The star’s long career, from her stage debut at 15 to her film, TV and literary success, reveals a shrewd talent who has risen to many a challenge

Claire Bloom, photographed in 2016.
‘High creative aspirations’ … Claire Bloom, photographed in 2016. Photograph: Sarah Lee/the Guardian
‘High creative aspirations’ … Claire Bloom, photographed in 2016. Photograph: Sarah Lee/the Guardian
Michael Billington

Last modified on Mon 15 Feb 2021 04.22 EST

Acting must be the best rejuvenation pill on the market. If you want proof, you have only to look at the extraordinary, long-lasting career of Claire Bloom, who, somewhat incredibly, turns 90 on 15 February. She made her stage debut at the age of 15, became globally famous at 20 playing opposite Charlie Chaplin in Limelight and, in recent years, has been seen in numerous films, including The King’s Speech, and on television in Stephen Poliakoff’s Summer of Rockets. To be famous young and still working 70 years later shows not just stamina and dedication but genuine, enduring talent.

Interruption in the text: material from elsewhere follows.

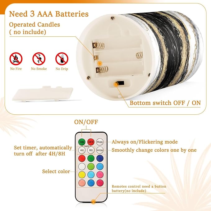 - Convenient Remote Functions: Includes an 18-key remote controller with a timer. You can control these candles remotely when they are placed somewhere difficult to touch. Set 4H/8H timers will save you trouble turning them on/off, they will come back on automatically at the same time every day. Also, you can adjust the light color as you want

I have only met Claire Bloom once and was awestruck by her beauty. But beauty will only take one so far as an actor and from the outset Bloom clearly had enormous power in reserve: when she played Ophelia at Stratford in 1948 – opposite the alternating, radically different Hamlets of Paul Scofield and Robert Helpmann – Kenneth Tynan observed how the words “If-thou-hadst-not-come-to-my-bed” were “isolated and driven home like a coffin nail”.

Bloom’s big break came when, while she was appearing on the London stage in Jean Anouilh’s Ring Round the Moon, she was invited by Chaplin to go to New York to do a screen test for Limelight: the role was that of a young dancer who is rescued from suicide by a famous clown and who, under his tutelage, slowly regains her self-confidence. After some delay, Bloom finally got the role and has recorded her surprise at Chaplin’s working methods. “Chaplin,” she said, “was the most exacting director not because he expected you to produce wonders of your own but because he expected you to follow unquestioningly his every instruction.” For an intelligent young actor with what she termed “high creative aspirations”, this must have been daunting, but her performance is much the best thing in a sentimentally melancholic movie.

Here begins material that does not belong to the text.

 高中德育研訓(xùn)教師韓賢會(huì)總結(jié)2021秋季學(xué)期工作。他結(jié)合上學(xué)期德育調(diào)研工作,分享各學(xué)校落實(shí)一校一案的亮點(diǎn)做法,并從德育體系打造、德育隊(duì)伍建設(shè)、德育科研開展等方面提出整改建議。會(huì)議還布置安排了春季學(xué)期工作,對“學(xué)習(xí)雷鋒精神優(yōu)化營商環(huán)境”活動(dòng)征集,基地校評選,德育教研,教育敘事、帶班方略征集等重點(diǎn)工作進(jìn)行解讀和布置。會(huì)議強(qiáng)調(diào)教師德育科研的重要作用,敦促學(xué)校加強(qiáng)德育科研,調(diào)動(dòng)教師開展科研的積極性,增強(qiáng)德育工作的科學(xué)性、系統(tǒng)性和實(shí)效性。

Brittle hysteria … in A Doll’s House, 1973.
Brittle hysteria … in A Doll’s House, 1973. Photograph: Reg Wilson/Rex/Shutterstock

Bloom shrewdly went on to play Shakespearean lead roles at the Old Vic in the 1950s. Tynan was in raptures about her Juliet, claiming that, while the average Juliet sings the part sweetly and chants it demurely, “Miss Bloom is impatient and mettlesome, proud and defiant, and no mere blindfolded, milk-fed mite”; he went on to describe her performance as “pure gold”. While forging a career in the classics, Bloom continued to make movies, appearing in Richard III, Alexander the Great and The Brothers Karamazov. But, although she never lacked work, there was a sense that her true abilities had never been fully realised.

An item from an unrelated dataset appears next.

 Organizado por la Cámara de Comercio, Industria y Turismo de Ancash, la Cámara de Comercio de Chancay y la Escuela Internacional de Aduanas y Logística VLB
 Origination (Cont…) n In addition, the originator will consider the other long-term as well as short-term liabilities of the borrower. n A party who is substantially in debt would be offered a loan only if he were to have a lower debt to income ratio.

Far from coasting through her middle years, Bloom took on new challenges in three stage performances I was lucky enough to see. In 1973, she was Nora in Ibsen’s A Doll’s House and brought out beautifully the Viking madness of the big dance scene and the brittle hysteria induced by a life of domestic role-playing. Then in 1974 she played Blanche in A Streetcar Named Desire and conveyed to perfection a woman whose aristocratic pose conceals both a genuinely poetic soul and an emotional desperation. In 1977, she played another damaged idealist, Rebecca West, in Ibsen’s Rosmersholm, and, although I wanted a bit more crusading fervour, I would lay the blame on the production rather than the performer.

One of the great things about Bloom is that she has never stopped acting. In the 1980s she was a superbly glacial Lady Marchmain in Charles Sturridge’s TV version of Brideshead Revisited, played Joy Davidman in the original small-screen version of Shadowlands and even turned up in Woody Allen’s Crimes and Misdemeanors in which, as David Thomson wrote, “she had so little to do it was disconcerting to have her doing it”. But there was never any doubt as to her strong intelligence and independence of spirit. In 1996, she wrote a second memoir – the first was Limelight and After – significantly entitled Leaving a Doll’s House. In it she provided a candid, excoriating portrait of life with her third husband, Philip Roth, that prompted him to retaliate in one of his later fictions.

You could argue that the memoir reveals an essential truth about Bloom. She has had a hugely successful career, has fulfilled the “high creative aspirations” of her youth and at 90 is widely loved and respected. But beneath the poise and elegance there is a woman of fierce passions and finely tempered steel.